Yengeç Konserveleme Gemisi - Kobayashi Takiji

Filmini uzun zaman önce duymuş ama izlememiştim. Kitaptan uyarlama olduğunu bilmiyordum. Seneler sonra kapağın üstünde adını görünce tereddüt etmeden yoldaşlığa kattım kendisini. Japon edebiyatı konusunda epey cahil olmamın da payı var bunda tabii. Murakami'ye bir kez elimi sürmüş bulundum, uzak olsun. Son olarak Endo'nun Sessizlik'ini akademik bir ders programında (Doğunun Batıyla karşılaşması hakkında bir sosyoloji dersiydi) görüp beklentiyi çok yükselttikten sonra hayal kırıklığına uğrayınca o dünyanın bana erişilemeyecek kadar uzak olduğunu düşünmeye başlamıştım. Mişima'yı bir an önce okumam gerektiğini neredeyse on yıldır biliyorum ama tuhaftır, elim varmıyor. Uzak işte. Irkçılık ya da milliyetçilik gibi değil, bir tür genişletilmiş hemşehricilik var bende, "coğrafyacılık" diyelim adına, Roma İmparatorluğunun mirası olan kültürel sınırlardan çıkmamış eserlerin içine giremiyorum. Hassas mideye sahip birinin mutfak konusundaki titizliği gibi. İskandinav, Kelt, Mağrip hariç Afrika, Hint, Uzak Asya vb. coğrafyalardan çıkan kültürel ürünleri sindiremiyorum. "Ay ben onu hiç yemeyeyim, şimdi bütün gece uyutmaz beni" diyorum. "Ulan böcekten başka yiyecek şey bulamadınız mı" diyorum. Kültürdeki sembolizm de muhakkak en az mutfak kadar çocukluktan aşinalık gerektiriyor galiba.

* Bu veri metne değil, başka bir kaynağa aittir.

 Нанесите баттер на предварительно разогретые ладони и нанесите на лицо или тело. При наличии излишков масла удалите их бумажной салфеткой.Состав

Lafı çok uzatmayayım, okudum Yengeç Konserveleme Gemisi'ni. Tarihi bir belge olarak çok beğendim elbette. Bu manada, insanlık dışı çalışma koşullarının olduğu bir fabrika-gemide işçilerin kolektif bilinçlenme öyküsünü anlatan yapıtın (okuyanların birçoğunun hemfikir olduğu gibi) Potemkin Zırhlısı ile olan akrabalığı önem kazanıyor. 

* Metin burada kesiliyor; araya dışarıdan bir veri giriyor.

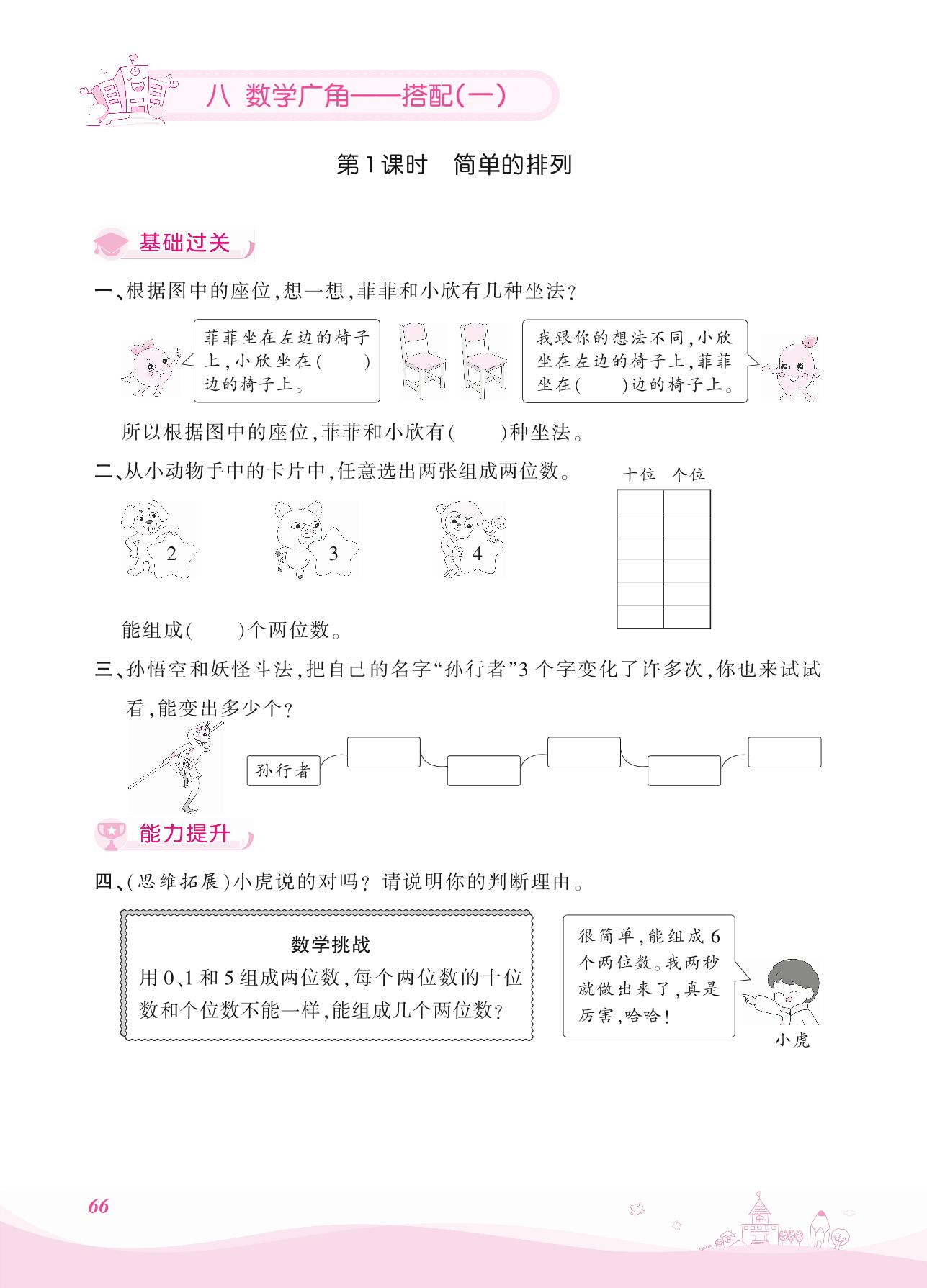 2021上册二年级数学人教版 八 数学广角——搭配(一)——第1课时 简单的排列

[Bu akrabalık kendini iki fenotipte gösteriyor: Birincisi, elbette, sanatçının ideolojisi ve bunun içeriğe ve şekle yansıması. Eserler içerik olarak ezen/ezilen ilişkilerine odaklanırken şeklen de ezilenleri yekpare bir bütün olarak "baş kahraman" seçiyor, aralarından bir ya da birkaçının özel öyküsüne odaklanıp mücadeleyi bir arka plan unsuru olarak kullanmıyor. Diğeriyse ikisinde de olayların bir gemide geçmesi. Gemi hem (Gemide filminde alenen dile getirildiği gibi gibi) bir memleket alegorisi olarak iş görürken, hem de bu geminin üzerinde seyrettiği çalkantılı deniz tarihin (ki Manifesto bize onun sınıf mücadelelerinin tarihi olduğunu söyler) değişken, kestirilmesi zor seyrini sembolize etmesi bakımından anlamlı.]

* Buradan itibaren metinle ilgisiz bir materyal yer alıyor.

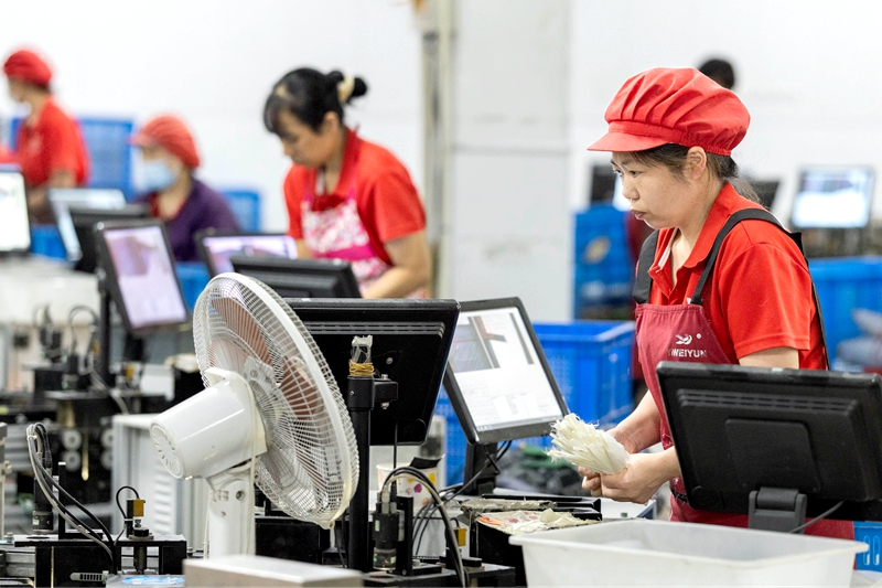 10月11日,在裕安區新安鎮的宇翔體育用品有限公司生產車間內,工人們正在生產線上緊張忙碌著。

Zira söz konusu akrabalık Marksizmin temsil ettiği kurtuluş fikrinin dönemin ezilenleri için nasıl da taptaze ve canlı bir ümit olduğunu gösteriyor bence. Öyle ki, romanda çok ustaca yer verildiği gibi bu ümit kusurlu bir dille ifade edildiğinde dahi (kekemelikle ya da pandomim destekli kırık bir Japoncayla) etkili. İçeriğin kuvvetinin üslubu galebe çaldığı zamanlar. "Haklıyız"ın "kazanacağız"ı içinde barındırması.Romanı "tarihsel bir belge" olarak beğenme sebebim bu. 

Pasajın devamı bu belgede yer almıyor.